_ASSIGNED TASK_
Leave out every picture and set down, exactly, the lines below from the one holding "THANKS & GOOD LUCK!" up to and including the one holding "進(jìn)料口下端帶有放料".

(Stored items)
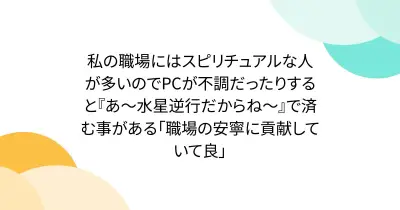 私の職場にはスピリチュアルな人が多いのでPCが不調だったりすると『あ~水星逆行だからね~』で済む事がある「職場の安寧に貢献していて良」
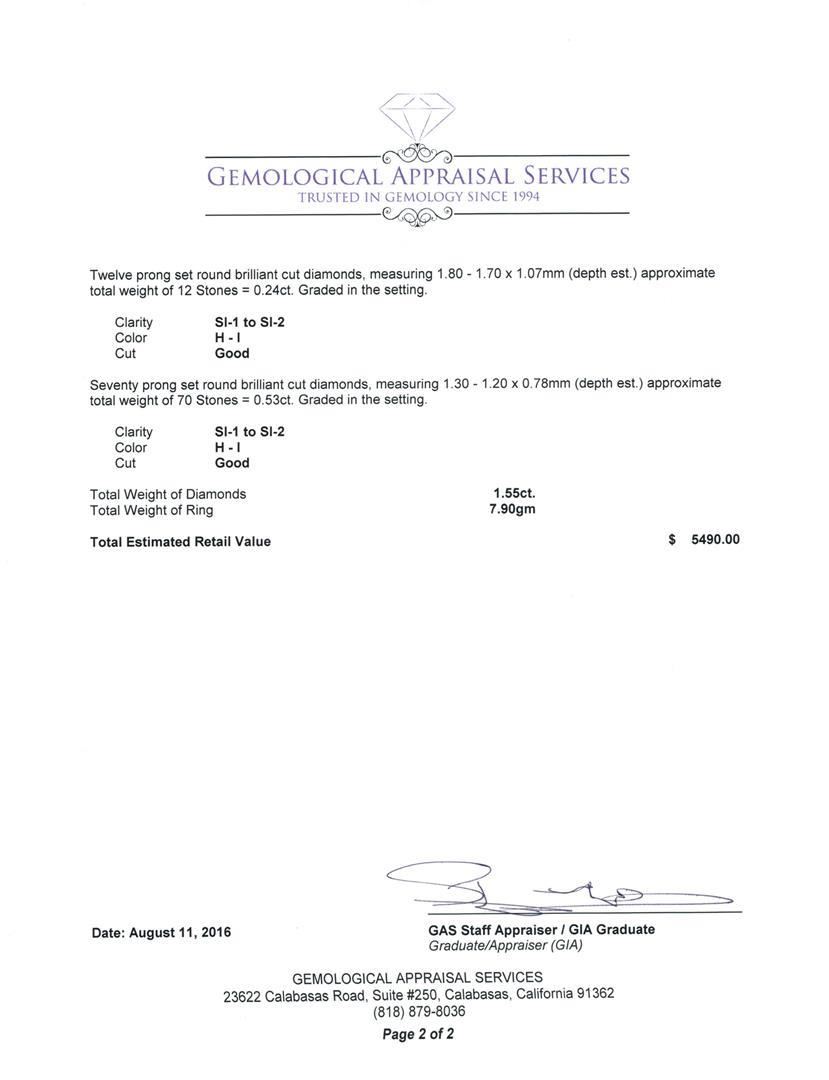 One electronically tested 14KT white gold lady's combination cast & assembled fashion ring with a split shank with a bright polish finish. The featured lady's ring has four circular diamond clusters and a shank measuring 2.91 millimeters wide. Identified with markings of '585'. Condition is new, good workmanship. Containing: One prong set round brilliant cut diamond, measuring 3.45 - 3.40 x 2.13mm (depth est.) approximate weight of 0.15ct. Graded in the setting. Clarity SI-1. Color: I - J Cut Very Good Eight prong set round brilliant cut diamonds, measuring 2.40 - 2.35 x 1.45mm (depth est.) approximate total weight of 8 Stones = 0.40 ct. Graded in the setting. Clarity SI-1 to I-1. Color: H - J Cut Good One prong set round brilliant cut diamond, measuring 2.70 - 2.65 x 1.61mm (depth est.) approximate weight of 0.07ct. Graded in the setting. Clarity SI-2. Color: H Cut Good Six prong set round brilliant cut diamonds, measuring 2.00 - 1.90 x 1.17mm (depth est.) approximate total weight of 6 Stones = 0.16ct. Graded in the setting. Clarity SI-1 to SI-2. Color: H - I Cut Good Twelve prong set round brilliant cut diamonds, measuring 1.80 - 1.70 x 1.07mm (depth est.) approximate total weight of 12 Stones = 0.24ct. Graded in the setting. Clarity SI-1 to SI-2. Color: H - I Cut Good Seventy prong set round brilliant cut diamonds, measuring 1.30 - 1.20 x 0.78mm (depth est.) approximate total weight of 70 Stones = 0.53ct. Graded in the setting. Clarity SI-1 to SI-2. Color: H - I Cut Good. Total Weight of Diamonds 1.55ct.. Total Weight of Ring 7.90gm. GAS Appraised.
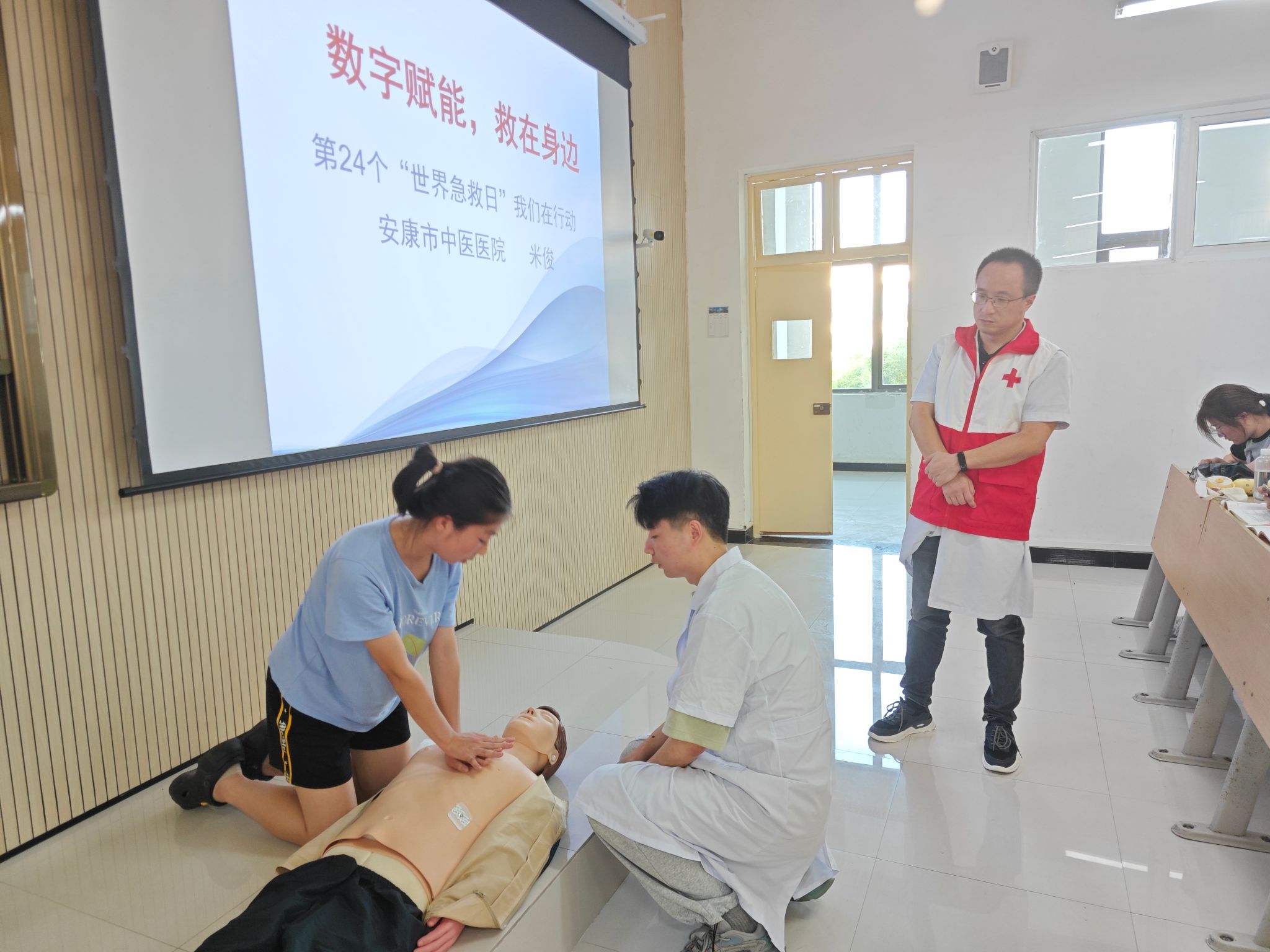 在第24个“世界急救日”来临之际,Beat365联合安康市中医医院于9月7日在江北校区开展了以“数字赋能‘救'在身边”为主题的“世界急救日”宣讲活动,200余名无课师生聆听了讲座。
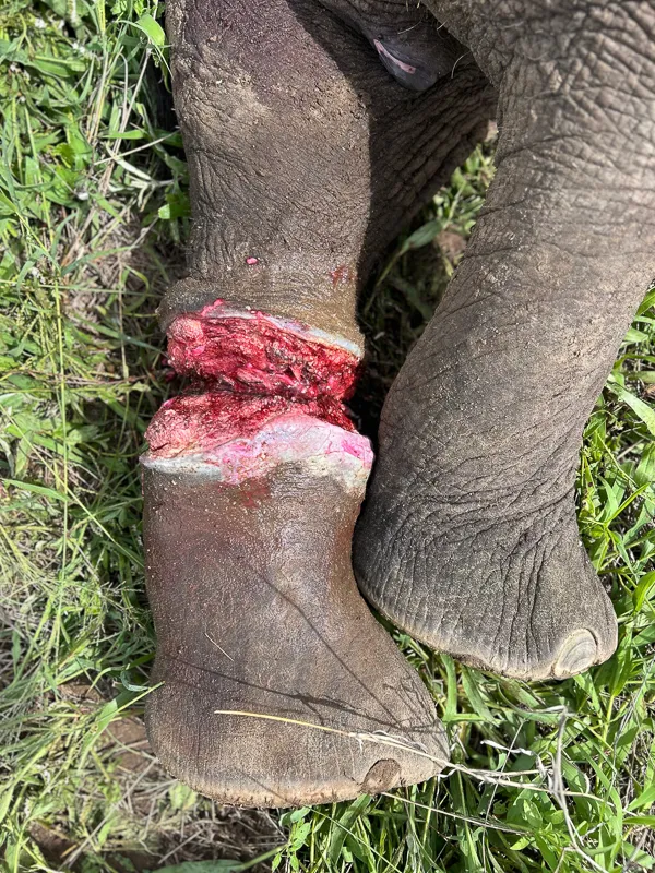 An elephant calf was seen with a snare around its left hind limb. Both the calf and the mother had to be immobilised to remove the snare. It was made of cable and had cut very deeply. Despite the seriousness of the wound we expect a full recovery. The operation proceeded smoothly and without complications. Samples for bacterial culture were taken from the snare wound, as a study about antibiotic resistance is currently being done.
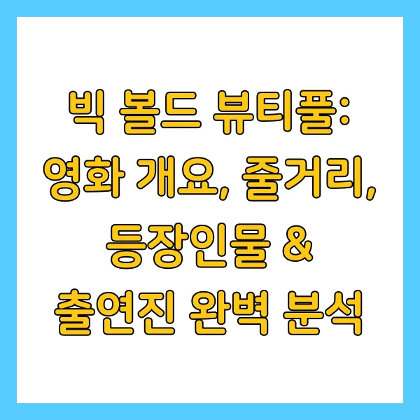 '빅 볼드 뷰티풀'은 2025년에 개봉한 영화로, 외모, 성격, 꿈, 그리고 사랑까지, 세상 모든 아름다움을 포용하는 이야기를 담고 있어요. 외모 지상주의에 갇힌 우리에게 진정한 아름다움이 무엇인지 질문을 던지는 영화라고 할 수 있죠. 겉으로 보이는 모습이 전부가 아니라는 것 , 우리 내면의 빛이 얼마나 소중한지를 깨닫게 해주는 영화예요.
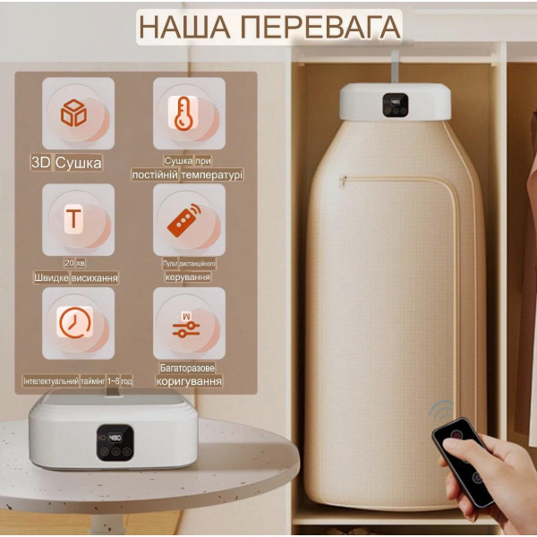 Підвісна електросушарка для одягу та білизни GYJ-002 з пультом і таймером, портативна сушарка з чохлом і терморегуляцією
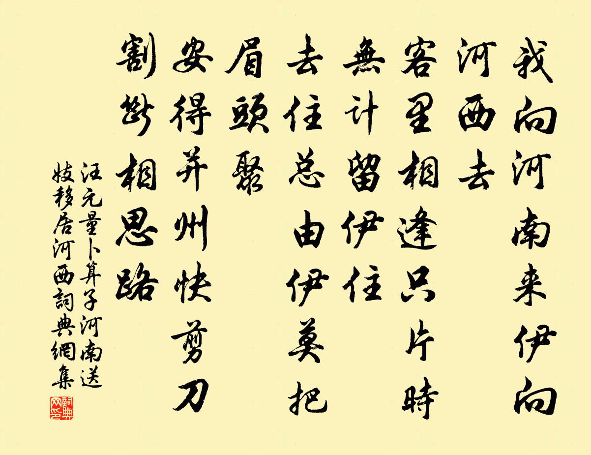 我向河南來,伊向河西去。客里相逢只片時,無計留伊住。
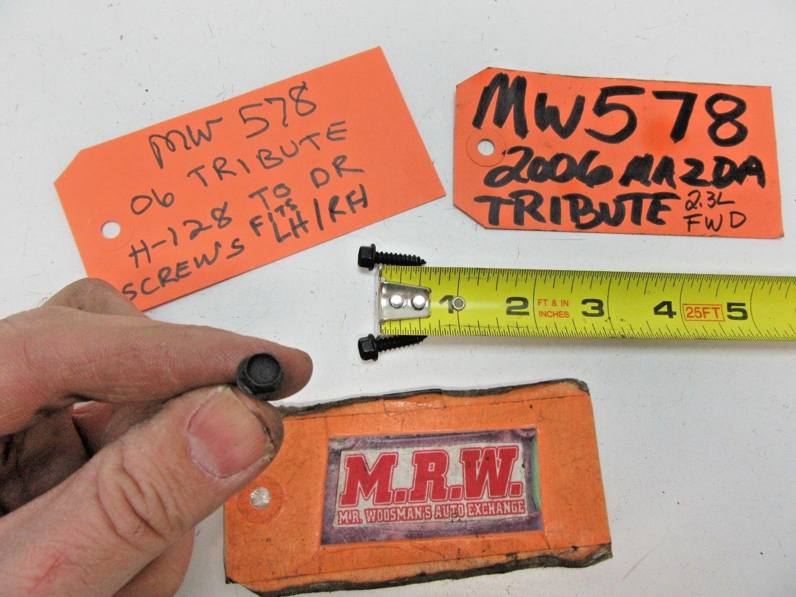**YOU ARE LOOKING AT ONE USED** **SET OF 3 BOLTS/SCREWS ONLY, AS SHOWN. THEY ATTACH THE SIDE VIEW MIRROR TO THE FRONT DOOR BODY.** **THEY FIT EITHER THE LEFT DRIVER OR RIGHT PASSENGER SIDE.** **IT IS OUT OF A 2006 MAZDA TRIBUTE WITH A 2.3** **L (DOHC) 4 CYLINDER ENGINE & 4 SPEED AUTOMATIC TRANSMISSION, 2 WHEEL DRIVE 2 X 4, EXTERIOR COLOR CODE: G2 REDFIRE METALLIC, INTERIOR TRIM CODE: 5T.** **PLEASE COMPARE YOURS TO OURS IN THE PHOTOS TO BE SURE THIS IS THE ONE YOU NEED FOR YOUR VEHICLE, BEFORE YOU BUY IT.** **IT IS USED BUT IN GOOD CONDITION.** **IF YOU HAVE ANY QUESTIONS PLEASE ASK PRIOR TO BUYING. ALL SALES ARE FINAL. WE SELL EVERYTHING AS-IS, NO RETURNS. LOOK FOR MORE GREAT ITEMS IN OUR STORE. THANKS & GOOD LUCK!
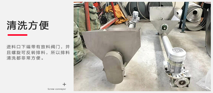 進(jìn)料口下端帶有放料閥門(mén),并且螺旋可反轉(zhuǎn)排料,所以排料、清洗都非常方便。
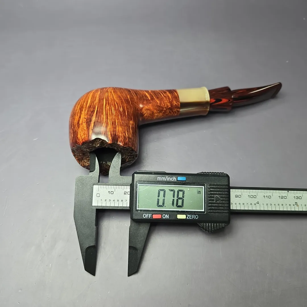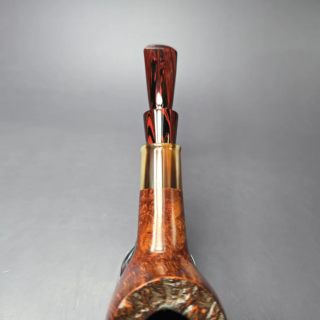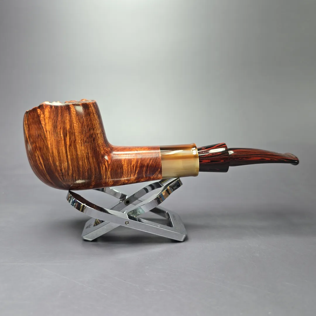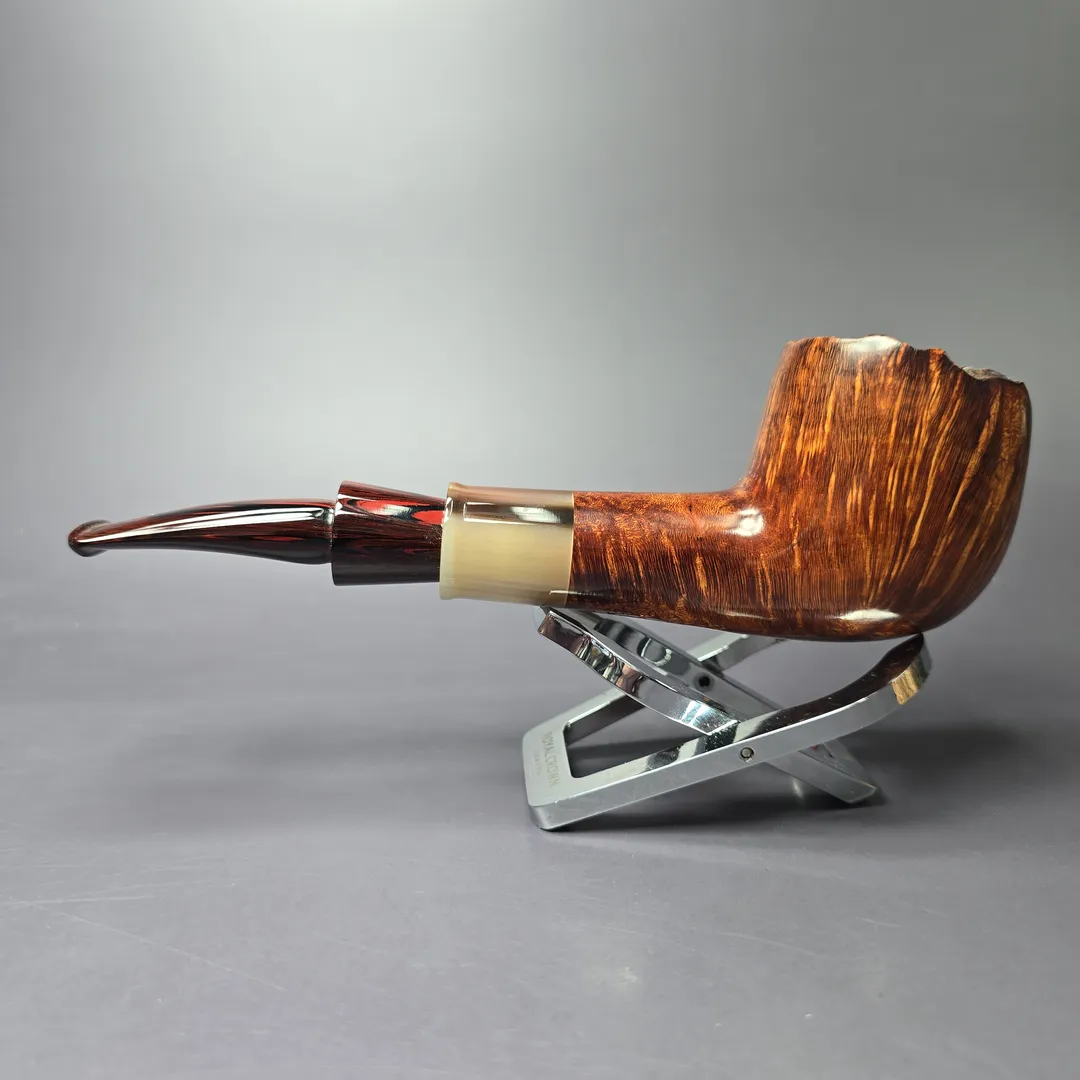 LCS Briars are made by English artisan Simon Bosko. Like his fellow Englishman Chris Kelly, of Eldritch Pipes, Bosko has been a regular fixture within the YouTube Pipe Community for nearly a decade, and indeed it was Bosko’s experiences within that community that first led him to take up pipe making. Specializing in freehand shapes, Bosko’s work is typically closer to Charatan or GBD when it comes to form, though with a signature aesthetic provided by way of accents and color palettes that are decidedly more contemporary. This one, for example, is a highly organic, freehand apple, with impressive, tight straight grain elevated by a deep, fiery contrast finish. The pipe’s horn ferrule and cumberland stem match the alternating hues of the bowl quite perfectly, resulting in a design that is both rugged and naturalistic, and cohesive and well-matched.

_YOUR SOLUTION_
**YOU ARE LOOKING AT ONE USED** **SET OF 3 BOLTS/SCREWS ONLY, AS SHOWN. THEY ATTACH THE SIDE VIEW MIRROR TO THE FRONT DOOR BODY.** **THEY FIT EITHER THE LEFT DRIVER OR RIGHT PASSENGER SIDE.** **IT IS OUT OF A 2006 MAZDA TRIBUTE WITH A 2.3** **L (DOHC) 4 CYLINDER ENGINE & 4 SPEED AUTOMATIC TRANSMISSION, 2 WHEEL DRIVE 2 X 4, EXTERIOR COLOR CODE: G2 REDFIRE METALLIC, INTERIOR TRIM CODE: 5T.** **PLEASE COMPARE YOURS TO OURS IN THE PHOTOS TO BE SURE THIS IS THE ONE YOU NEED FOR YOUR VEHICLE, BEFORE YOU BUY IT.** **IT IS USED BUT IN GOOD CONDITION.** **IF YOU HAVE ANY QUESTIONS PLEASE ASK PRIOR TO BUYING. ALL SALES ARE FINAL. WE SELL EVERYTHING AS-IS, NO RETURNS. LOOK FOR MORE GREAT ITEMS IN OUR STORE. THANKS & GOOD LUCK!
 進(jìn)料口下端帶有放料閥門(mén),并且螺旋可反轉(zhuǎn)排料,所以排料、清洗都非常方便。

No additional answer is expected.